Monday, October 31, 2005

November thanks and giving

Glanced over the November dates on the family calendar yesterday, unprepared for the fist of anxiety that lodged itself in my chest. Shouldn't have been surprised.

Nestled amidst the coming month's activities, seemingly so casual alongside the reminders about L's school production of Midsummer Night's Dream, S's girl scout meetings, and the Illinois SCBWI writer's conference, is E's surgery date.

Bleh. Three weeks and few days from now, everything will change. Hopefully for the better. Please, God, for the better. The mom part of me wants to believe the surgeon's assurances. Going in ahead of time to clip an aneurysm, he says, is so very different from treating it after it ruptures. My writer's brain wrestles with the what-ifs, revisiting all the dark roads we've traveled with E since 2001, and then some.

And then there's the whole calendar thing. Like I often do at the end of the month, I planned to write the 31st on the November page and flip it over this am so during the rush of all the trick or treaters tonight, I wouldn't have to remember to change it. Decided against it. As if not doing so will change the date for E's surgery, or hold back God's plans for the outcome.

Appetite for writing today: Mixed. Have no taste for my novel. It's too big a project for my brain to grok right now. Though ideas for shorter pieces keep coming, especially for non-fiction. In the rare case that I leave home without my trusty notebook, I jot down ideas on whatever scrap of paper I can find.
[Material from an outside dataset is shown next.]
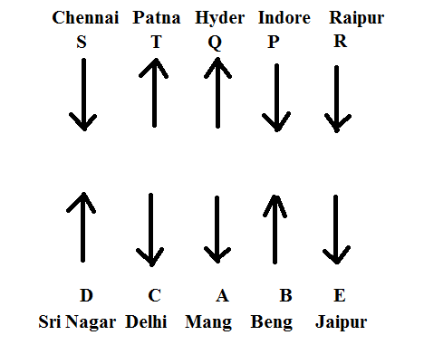 Ten persons from ten different cities viz. Delhi, Jaipur, Patna, Indore, Mangaluru, Chennai, Hyderabad, Bengaluru, Raipur and Sri Nagar are sitting in two parallel rows containing five people each, in such a way that there is an equal distance between adjacent persons. In row 1- A, B, C, D and E are seated and some of them are facing South and some of them are facing North. In row 2 – P, Q, R, S and T are seated and some of them are facing South and some of them are facing North. Therefore in the given seating arrangement, each member seated in a row either faces another member of the other row or seated behind each other.(All the information given above does not necessarily represent the order of seating in the final arrangement.)

Later, I tape them into my book, making notes about where I was when the ideas occurred to me, and thinking more about what my muse might be trying to say.

Listening to my muse in this way feels very much like writing behind my back. I've yet to make sense of it all, but don't expect to do so. Not in the near future, anyway. I'm too close to this situation, too deep within the heart of the forest to see anything but the trees.

Current read: My Sister's Keeper by Jodi Picoult. Amazing. Poignant. Multiple points of view. I hope someday to tell E's story with such power and grace.